KNSJ
- Descanso, California; United States;
- Broadcast area: Mountain Empire, San Diego
- Frequency: 89.1 MHz

Programming
- Format: Community radio; Free-form radio;
- Affiliations: Pacifica Radio Network

Ownership
- Owner: Activist San Diego

History
- First air date: July 4, 2013
- Call sign meaning: "Networking for Social Justice"

Technical information
- Licensing authority: FCC
- Facility ID: 172605
- Class: B1
- ERP: 330 watts
- HAAT: 729 meters
- Transmitter coordinates: 32°53′31″N 116°25′8″W﻿ / ﻿32.89194°N 116.41889°W

Links
- Public license information: Public file; LMS;
- Website: knsj.org

= KNSJ =

Community radio station in Descanso–San Diego, California

KNSJ ( 89.1 MHz) is a community radio station licensed to Descanso, California, and serving the Mountain Empire area.
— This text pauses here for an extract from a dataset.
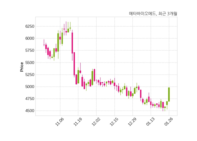 한편, 메타바이오메드의 14시 10분 현재주가는 4,980원으로 직전 거래일 대비 285원(+6.07%) 상승이며, 거래량은 491,127주이다.
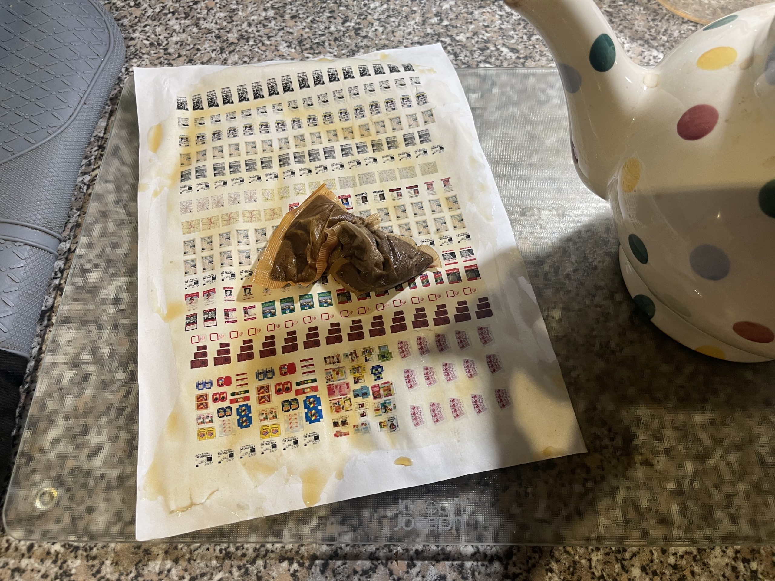 printed it off and tea stained it to get rid of the harsh white paper colour, this is a necessary step i feel to stop the jarring that would occur with fresh white paper. make sure the tea bag you use hasn’t been made in a mug with milk added, it will go horribly mouldy. Be civilised and use one from a full pot of tea.

It first signed on the air on July 4, 2013. Content includes locally produced programs, as well as news and information from the BBC and Pacifica Radio. Spanish-language programming airs from 8 pm to 11 pm. The station's founder is Martin Eder.

In May 2023, KNSJ moved to a new studio inside the Employee Rights Center in San Diego.

In February 2026, the broadcast tower KNSJ rented on Monument Peak was destroyed by a winter storm. The station continued streaming online but predicted that it could be off of the airwaves for up to one year.